### [Data]
----------------

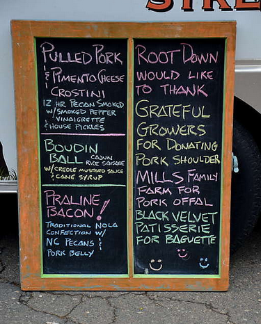 Hello Asheville! I got a lot of positive feedback re: my interview with Russ Keith from the Grey Eagle Taqueria (GET), so I'm glad people liked it! Here's my next one, with Dano Holcomb, the chef & co-owner of a food truck called the Root Down Food Cart.   I caught up with Dano at the Wedge Brewery where he parks himself every Wednesday night.  I've tasted Dano's food, and it was all really really really good.  The boudin balls were some of the most delicious deep fried things I've had all year.  Dano is a super-nice guy, and happily agreed to this interview.  He also let me inside the truck!  Yeah, Man.  STU HELM: Dano, my Man-o! Thanks for agreeing to do this interview! First of all, please tell the people who you are, what kind of food you specialize in, what is your background, and what makes your cooking unique in this town full of great eating options. DANO HOLCOMB:  Hi Stu.  Thanks for having me on the show.  Let's see.  My name is Dano Holcomb, Chef/ Co-Owner of Root Down food truck.  The other Co-owner is my wife Julie.  The kind of cuisine I enjoy making is a combo of Creole, Southern and Soul influenced food.  I am originally from Illinois and grew up in the Chicago area.  I learned how to get around in the kitchen from watching my dad and my grandfather cook (which was way before I ever wanted to make this happen professionally).  My grandfather (Mom's side) moved from Chicago to NC when I was young and we would take summer family trips to Tryon, NC to visit.  I think this is when I began to appreciate Southern food.  A few years later, my parents moved our family from IL to Tryon, NC as well.  I wound up going to undergrad at UNCA and played soccer there.  I stayed in soccer for many years and started coaching at the collegiate level.  However, the cooking food thing didn't grab hold of me initially.  It wasn't until I was 15 years into my coaching career that I decided to change and head to New Orleans for culinary school and  immerse myself into the incredible food culture down there.  After graduating, my wife and our two boys moved back to NC.  I worked briefly for Farm to Table pioneer Cassie Parsons at Harvest Moon Grille in Charlotte before starting Root Down (in Statesville).  We moved to Asheville in early 2014.  Asheville does have an abundance of talented chefs and great eateries.  As far as I am aware, we are one of very few places that heavily features New Orleans cuisine - especially Creole. STU: I met you at Geraldine's Bakery on Merrimon, where you get your bread for sandwiches, and then I saw you again a few days later at the Blind Pig event, "The Pig Lebowski," where you were helping behind the scenes. There seems to be a great sense of camaraderie, rather than competition, among the various chefs, restauranteurs, and food industry folks in Asheville. Is that an accurate observation? Can you describe your experience in the local food scene? DANO:  Firstly, Fred and his gang at Geraldine's are awesome and we get so many compliments on their bread.  Ok, back on course, I would agree with most of what you thought.  When that collaborative atmosphere is lucky enough to happen in a food town then the quality is allowed to flourish.  Much like NOLA, there are so many outstanding Chefs who are really showcasing their creative abilities in a relatively small town.  This makes you want to work harder and also appreciate your fellow neighbor's work.  It is humbling as well as gratifying.  This makes us all better.  As far as my experience so far?  Hmmm.  I still consider myself a bit of new comer.  I have been on the street here for 9 months and though I have enjoyed it,  I can become more visible in the community.  Many people have helped me make the transition to Asheville a comfortable one and I am very thankful for that.  Hopefully I can be as generous to others as they have been to me. STU: I've been to other cities where the food trucks are a major part of the food scene and seem to be tucked into allies and empty lots everywhere you look, but I've noticed that in Asheville, the food trucks are either parked in the lot of a bar, or in a designated food truck lot. Can you explain some of the rules and regs you have to follow as a food truck? DANO:  Yes, Stu, there are indeed certain rules for the food trucks and mobile food units in general.  For the most part, these rules are pretty understandable:  You may not park on just any street.  You have to have permission to park in a private lot.  You have to hold a permit for the places in which you do park.  You can't run a generator inside city limits because of noise.  We also are inspected by the Board of Health on a regular basis.  Some trucks require a commissary kitchen in which to prep (which is a 'home base' and a place to drain gray water, clean dishes, store food). STU: How's business? I noticed another gentleman, Dave, in the truck cooking with you? Who is Dave? An employee? Co-owner? Do you and Dave both make a good living doing the food truck thing? DANO:  Well I didn't really know what to expect.  Business is getting better.  I think there is still a mystique about food trucks and street food.  Some people are still a little unsure about accepting the truck scene as a number one go-to food option.  The food truck culture and fan base is growing slowly.  That is only my opinion and I am basing it on my experience in the Iredell County, Lake Norman and Charlotte areas, where we started out.  Yeah, Dave Hawbaker is great.  He is one of two main guys I have working with me.  He moved up from Charlotte to join forces.  Josh Daniel is my other guy.  He started out with me in Statesville and made the move to AVL in January.  These two are the nuts and bolts of Root Down.  Fantastic people and hard workers.  The Co-owner is my wife Julie.  She usually doesn't work on the truck but does a lot behind the scenes!  I have a couple other crew member
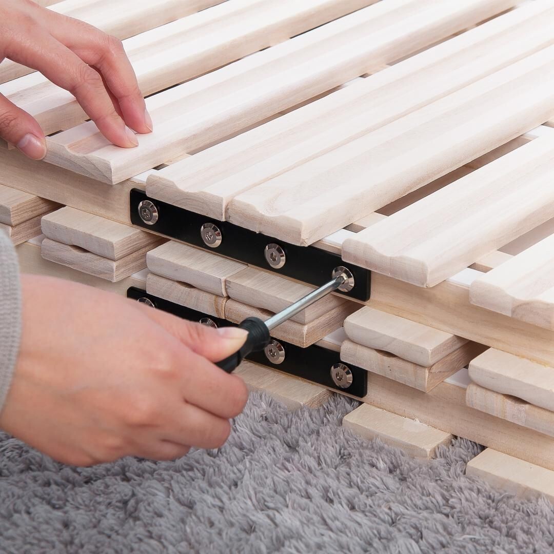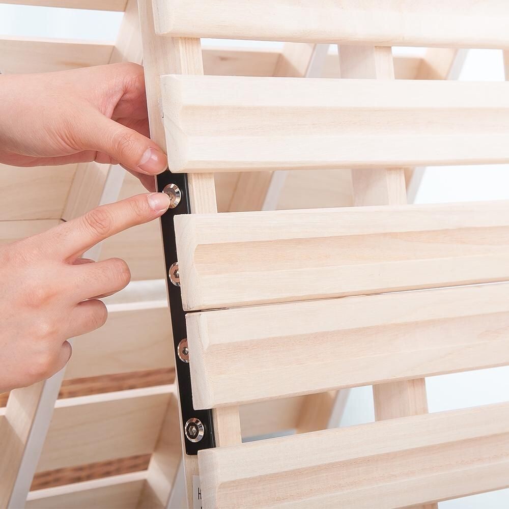桐すのこ28枚、ばっちり安定感安全性を最大限に確保!縦型すのこベッドだから4本の底板がしっかり支えてくれるから耐久性に優れた安心設計
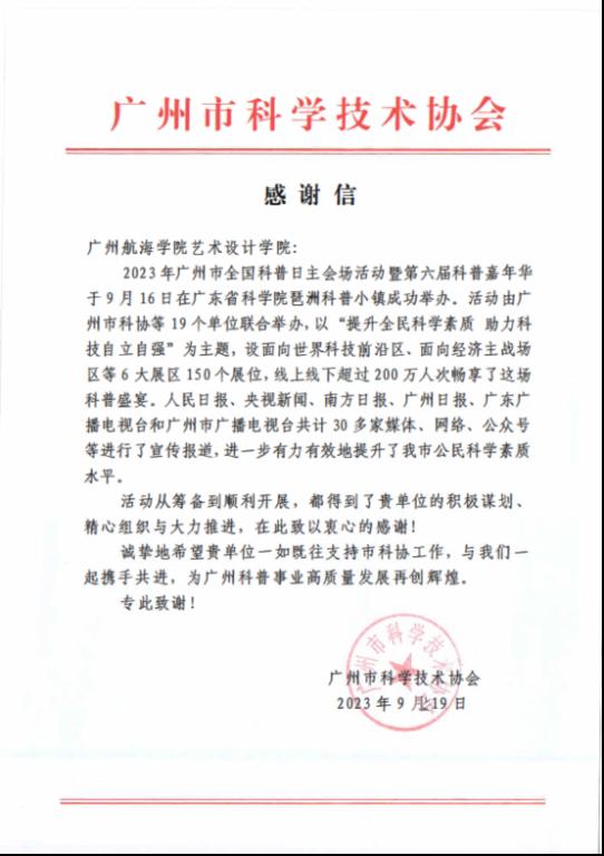 (艺术明胜m88官网供稿)近日,广州市科学技术协会向艺术明胜m88官网发来感谢信!
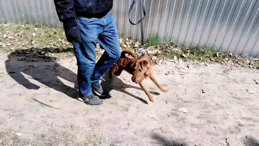 Ирландский терьер беснуется на поводке
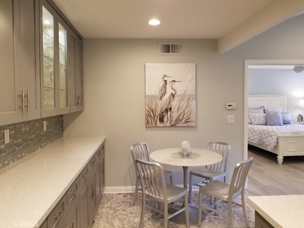 SELLER MOTIVATED! "Model Perfect" unit, with ALL furnishings included! Located in desirable Harbor Creek community with walking/biking distance to the sand (Doheny). Seller spent so much $$$ upgrading this gorgeous unit, never intending to sell it. So, guess who benefits? YOU! The flooring alone was 10K to achieve special sound-proofing. Brand new kitchen was extended apx. 8 feet into the dining area with extra upper/lower cabinetry with pull-out drawers & soft-close doors. Kitchen features new high-end Cambria Quartz countertops, new sink, custom tile backsplash & new marble top kitchen table w/chairs. Custom paint thru-out, along w/Crate and Barrel comfy chair & queen sofa sleeper w/upgraded mattress, gives the place the "model" look. Brand new bedroom furniture w/thousands spent on a sleep number bed. Bathroom, has new cabinetry, backsplash, counters, mirror, paint and flooring. When I said everything is included, I meant EVERYTHING!. There is not enough space to tell it all, but there are Oodles of brand new small appliances, toaster, mixer, coffee maker, etc. New lighting & ceiling fans. New LG washer/dryer and TV have 5 year extended warranties. Brand new pots/pans, dishes, glassware, flatware, linens, printer, shredder, tools & office supplies. Entire complex has been re-piped. Nothing for you to do, but enjoy.
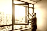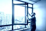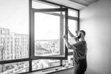 Master adjusting pvc windows with screwdriver. Installation of plastic windows repair and maintenance concept
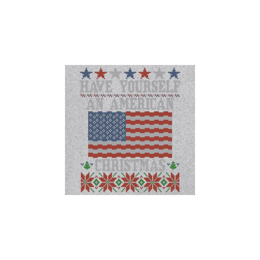 A print saying: "Have Yourself an American Christmas" and featuring an American flag. The print is designed as an ugly sweater. Amazing choice to express your patriotism while celebrating Christmas.

----------------

### [Task requirements]
Please transcribe, word for word, every line from the one containing "Master adjusting pvc" through the last line of the records, both included, and leave the pictures out.

### [Output for this task]
 Master adjusting pvc windows with screwdriver. Installation of plastic windows repair and maintenance concept
 A print saying: "Have Yourself an American Christmas" and featuring an American flag. The print is designed as an ugly sweater. Amazing choice to express your patriotism while celebrating Christmas.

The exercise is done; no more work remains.